EUR/USD has lost its bullish momentum and retreated modestly early Tuesday after having touched its highest level since early June at 1.0761 on Monday. The technical outlook suggests that the bullish bias stays intact but the cautious market mood could cause the pair to stage a technical correction before the next leg higher.
Dovish Fed bets dominated the action in financial markets at the beginning of the week and the US Dollar suffered heavy losses against its major rivals while the benchmark 10-year US Treasury bond yield declined toward 3.5%.
EUR/USD has gone into a consolidation phase following Monday’s upsurge.

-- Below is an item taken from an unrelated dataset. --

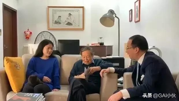 从公开的图片中可以看到,杨振宁先生的客厅并不豪华,反而显得朴素简单。这里没有过多的装饰,只有几个相框画和一些宠物挂件,展现出平凡家庭的氛围。杨先生穿着休闲的衣服,坐在沙发上与友人谈笑风生。而翁帆女士则静静地坐在丈夫身旁,穿着亮蓝色衣服,散发出优雅的气质。

Although hawkish comments from Fed officials helped the US Dollar limit its losses in the late American session, they seem to have done little to nothing to change the market pricing of the next policy action. Atlanta Fed president Raphael Bostic said that the Fed was willing to overshoot and San Francisco Fed president Mary Daly noted that core inflation had not come down as they would have liked. Nevertheless, according to the CME Group Fed Watch Tool, the probability of a 25 basis points rate hike in February stands at around 80%.
The pair could find it difficult to gather further bullish momentum in the short term.
In the second half of the day, the NFIB Business Optimism Index for December and the IBD/TIPP Economic Optimism Index for January will be featured in the US economic docket. Meanwhile, US stock index futures are down 0.2% in the European morning. Unless these data releases trigger a risk rally, the US Dollar could extend its correction and weigh on EUR/USD in the second half of the day.
It’s also worth noting that FOMC Chairman Jerome Powell is scheduled to speak at 1400 GMT. Since he will be talking on central bank independence, he is unlikely to comment on the policy outlook.
Dovish Fed bets are likely to limit US Dollar’s potential gains.
The Relative Strength Index (RSI) indicator on the four-hour chart stays within a touching distance of 70, suggesting that the pair is close to turning technically overbought. On the upside, static resistance seem to have formed at 1.0750. In case EUR/USD rises above that level and confirms it as support, it could target 1.0800 (psychological level, static level) and 1.0840 (static level).
On the downside, 1.0700 (psychological level, static level) aligns as first support ahead of 1.0640, where the 20, 50 and 100-period Simple Moving Averages (SMA) on the four-hour chart are located. A four-hour close below that level could be seen as a significant bearish development and open the door for an extended slide toward 1.0560 (200-period SMA).